The first television show to be dubbed in joual was The Flintstones which premiered under in French-speaking Canada under the name Les Pierrafeu in 1971. However, the most popular French-Canadian dub is the Québécois dub of the television show The Simpsons which premiered in 1991, twenty years after Les Pierrafeu. To this day, Les Simpson is the longest running French-Canadian dub of a television show. Like the film Slap Shot, the show was dubbed in joual to make it more relatable to a Québécois audience. Additionally, the American pop culture references and celebrities are localized with French-Canadian ones. Examples include replacing the Denver Broncos gridiron football team with the Montreal Alouettes, characters talking about CÉGEP (Quebec's college system), and an American politician being replaced by former prime minister of Canada Brian Mulroney. References to the French language itself are also changed, often poking fun at the different regional accents. For instance, in season 1 episode 11 "The Crepes of Wrath", the character Bart Simpson goes on a student exchange trip to France. A major recurring joke in the original episode is that no one is able to understand him because he does not speak French. In the Québécois dub, the joke is changed to Bart's Québécois accent being incomprehensible to the French.

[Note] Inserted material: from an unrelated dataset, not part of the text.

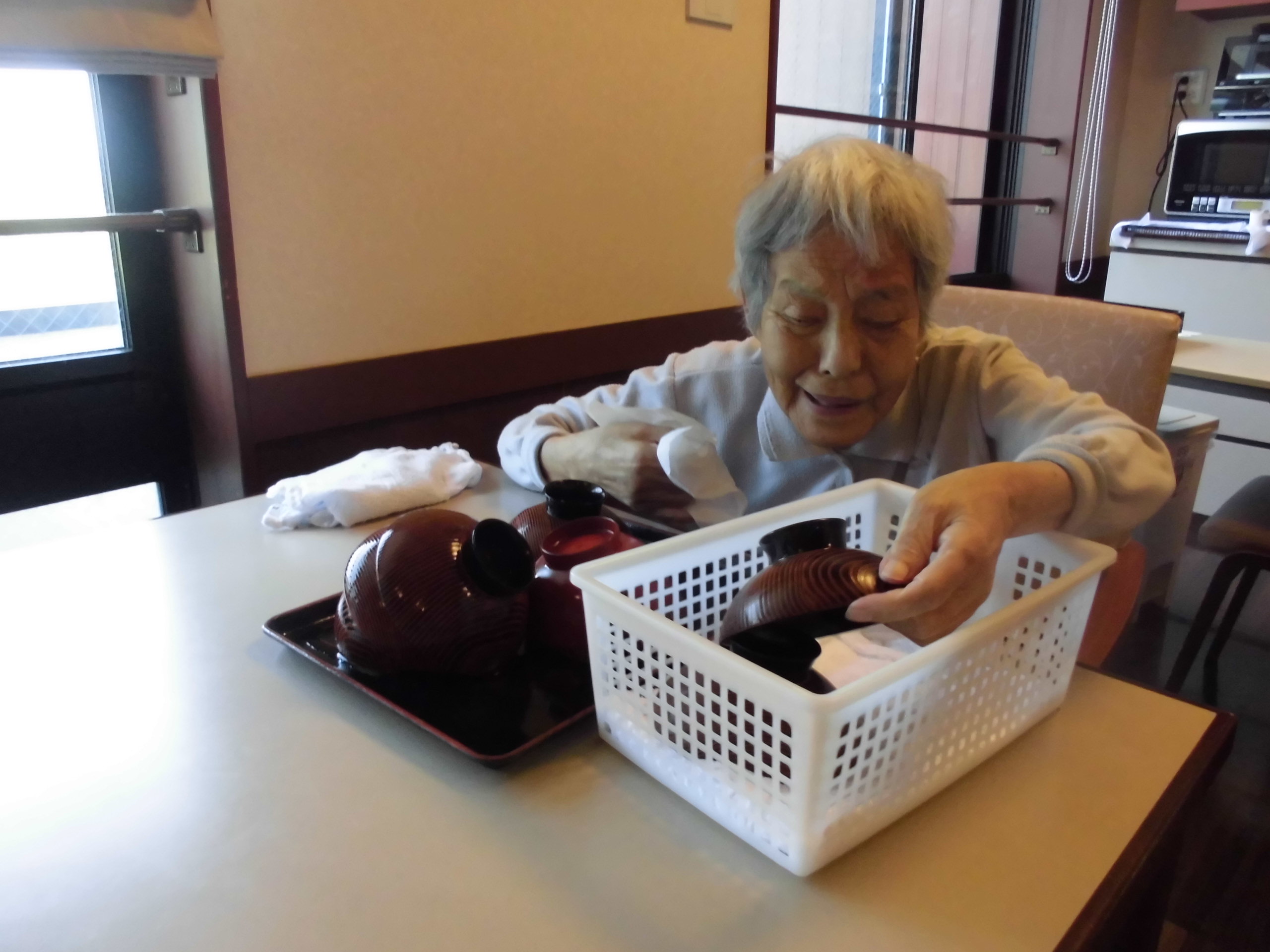 洗った食器を拭いてくださっています。

A controversy arose in 2025 when it was announced that the French-Canadian dub would no longer be produced due to a disagreement between the dubbing company and the producers of the show. Disney, the owner of The Simpsons, awarded the rights to the Québécois dub to Corus Entertainment, who broadcasts the dub on their television channel Télétoon. However, Disney also acquired the dub from Corus to broadcast on their streaming platform Disney+. Corus claims that this decreases revenue and viewers from their own television channel. This disagreement also applies to the other Corus-produced French-Canadian dubs of Disney television shows, notably Family Guy and American Dad. Shortly afterwards, Joshua Biasotto created a petition titled Sauvons le doublage québécois des Simpsons (Let's save the Québécois dub of The Simpsons) on the website change.org. The petition received thousands of signatures within a few hours and as of November 2025 has over 31,000 verified signatures. The petition gained the support of notable Québécois figures, including, among others, Thiéry Dubé, the current French-Canadian voice of Homer Simpson, Guylaine Tremblay, a Québécois actor, and Ian Lafrenière, the Quebec's minister of Public Safety, minister responsible for First Nations and Inuit Relations, and minister responsible for Nord-du-Québec.

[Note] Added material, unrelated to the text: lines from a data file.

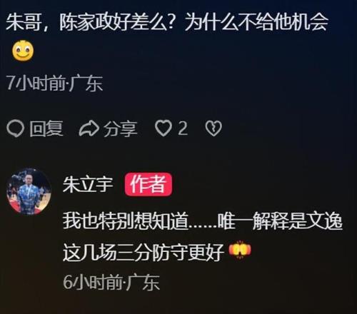 除了這個(gè)方面的原因外,關(guān)于陳家政無(wú)法上場(chǎng)還有另外一種解釋?zhuān)瑥V東臺(tái)知名解說(shuō)員“朱立宇”也發(fā)表了個(gè)人見(jiàn)解,有球迷在評(píng)論區(qū)問(wèn)朱立宇:陳家政表現(xiàn)好差么?為什么不給他機(jī)會(huì)?朱立宇回答:我也特別想知道...唯一的解釋就是張文逸這幾場(chǎng)的三分防守更好。
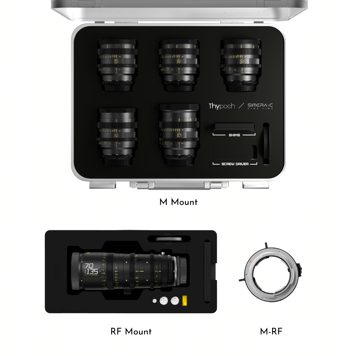 Sada prémiových objektivů Thypoch Simera-C s pevnou ohniskovou vzdáleností + zoom objektiv DZOFILM Catta Zoom 70-135mm. Celkový rozsah ohniskových vzdáleností 21–135 mm pokrývá různé tvůrčí potřeby.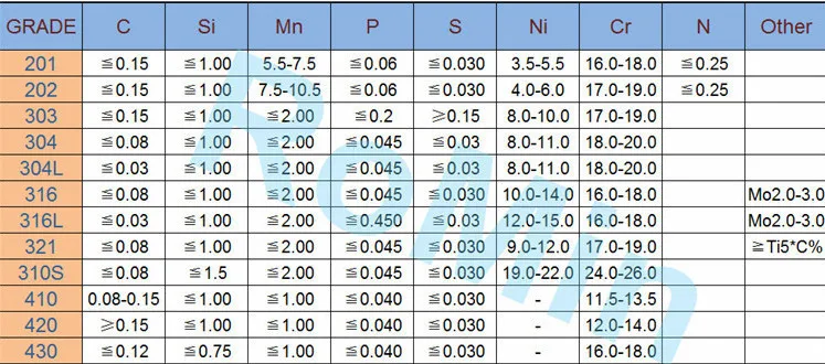 Марки нержавеющей стали классифицируются на основе доли каждого элемента, который они содержат. Процент железа, хрома, никеля, молибдена и углерода помогает определить сорт нержавеющей стали. В нержавеющую сталь добавлены дополнительные элементы для достижения различных свойств, таких как повышенная коррозионная стойкость, устойчивость к низким температурам, устойчивость к высоким температурам, улучшенная свариваемость, повышенная прочность и т.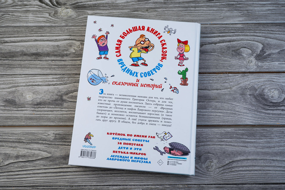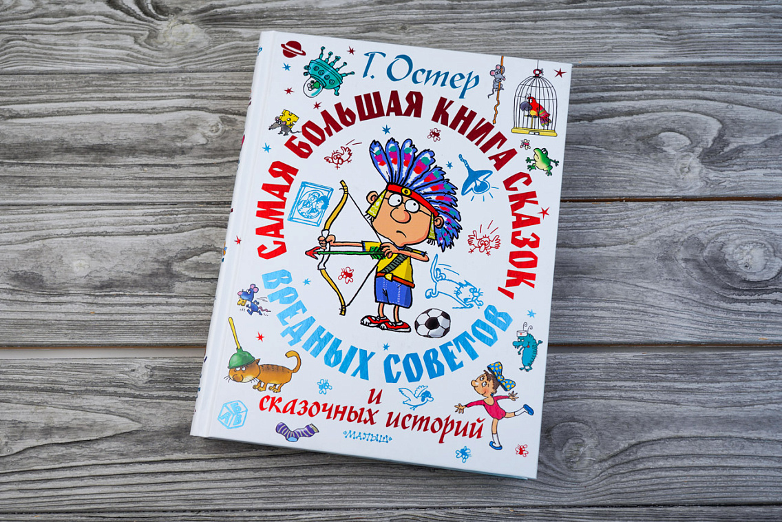 В книгу Г. Остера "Самая большая книга сказок, сказочных историй и вредных советов" вошли одни из самых известных произведений писателя: повесть "Петька-микроб" (рис. Е. Запесочной), сказки из цикла "38 попугаев" (рис. Е. Запесочной), по которому был снят одноимённый мультфильм, сказки из цикла про знаменитого котёнка по имени Гав и его друга щенка (рис. Б. Акулиничева, О. Боголюбовой, Т. Черкасовой), сказки "Большая-пребольшая" и "Домик-теремок" (рис. А. Халиловой), а так же озорные "Вредные советы", истории из книг "Дети и Эти" и истории из цикла "Легенды и мифы Лаврового переулка" с рисунками Н. Воронцова.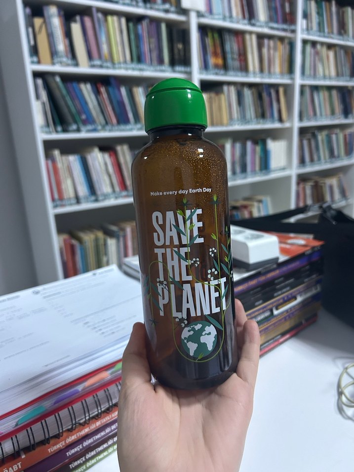 Koyu yeşil su şişesi , "Gezegeni Koru" yazılı çevre temalı baskıya sahiptir. Güvenli kapaklı, kullanışlı tasarıma sahiptir.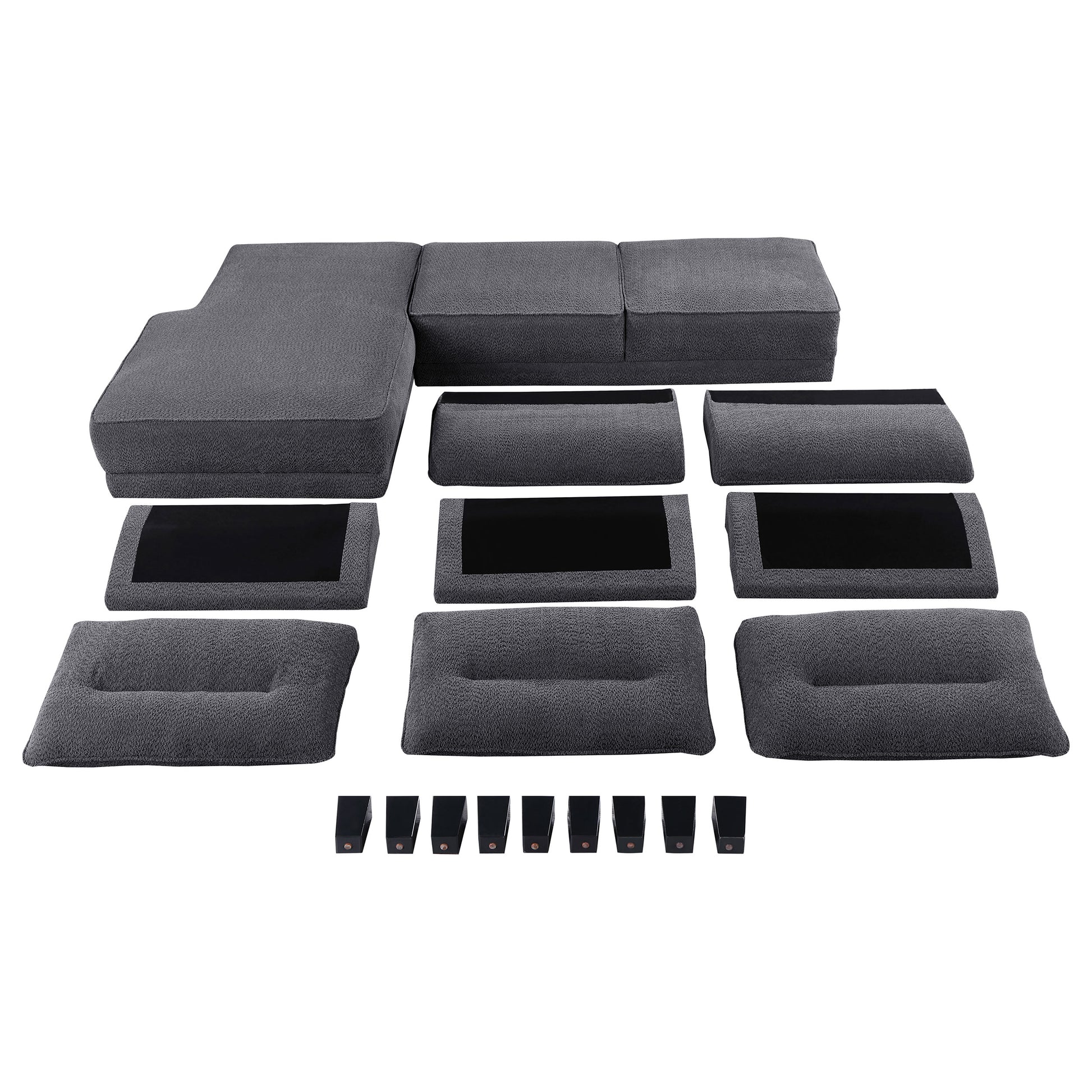 Experience ultimate comfort with this modern two-piece sofa chaise, available in grey or white. The fuzzy teddy bear-like textured fabric upholstery creates a cozy atmosphere. The softly rounded arms and welt framed reversible back cushions add a touch of sophistication. With attached welt-accented boxed seats and solid wood tapered legs, this sectional ensures a well-kept appearance and sturdy foundation.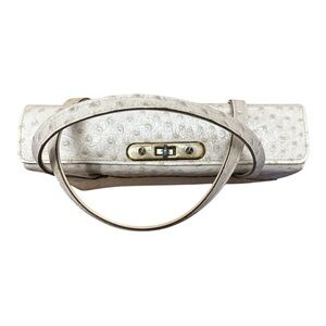 This cream tote bag features a distinctive textured pattern reminiscent of exotic leather, giving it a unique look. Its structured rectangular shape allows it to stand upright, while the medium-length handles provide versatility for carrying. Perfect for adding a stylish touch to your everyday ensemble.

Like in English-speaking Canada, the Canadian Radio-television and Telecommunications Commission (CRTC) mandates French television services for the visually and audibly impaired. Unlike most of its films and television shows, French-speaking Canada uses voiceovers for described video and audio description for the visually impaired. As for the deaf community, Quebec has its own sign language: Quebec Sign Language. While most films and television shows use subtitles, dubs in Quebec Sign Language are becoming more common. Radio-Canada, the French public broadcaster of Canada, offers some news programs dubbed in Quebec Sign Language. Quebec's public broadcaster Télé-Québec has also started dubbing some of its shows in Quebec Sign Language in collaboration with the Ministry of Education and Higher Education and the Office des personnes handicapées du Québec (OPHQ).

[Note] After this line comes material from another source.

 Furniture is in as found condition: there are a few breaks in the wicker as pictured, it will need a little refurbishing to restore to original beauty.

Dubbing is also common in Indigenous languages of Canada. In 1999, the Aboriginal Peoples Television Network (APTN) launched as the first national Indigenous broadcaster in the world. Initially, 60 hours per week were dedicated to Indigenous languages, while the rest of the channel's programming was in English and French. The movies and television shows that were not originally created in an Indigenous language were given full dubs in an Indigenous language. In 2024, APTN changed its format by launching APTN Languages – a new channel dedicated entirely to programming in 18 Indigenous languages. The main channel was rededicated to English and French programming, and the Indigenous-language programs were moved to the new channel. Among the Indigenous languages on the channel include Michif: the Indigenous language of the Métis. This language originated as a mix of mainly Cree and Canadian French. The French language specifically influenced the nouns, adjectives, articles, and numbers. As of December 2025, APTN Languages airs two television shows dubbed in Michif: Michif Country and Red River Gold.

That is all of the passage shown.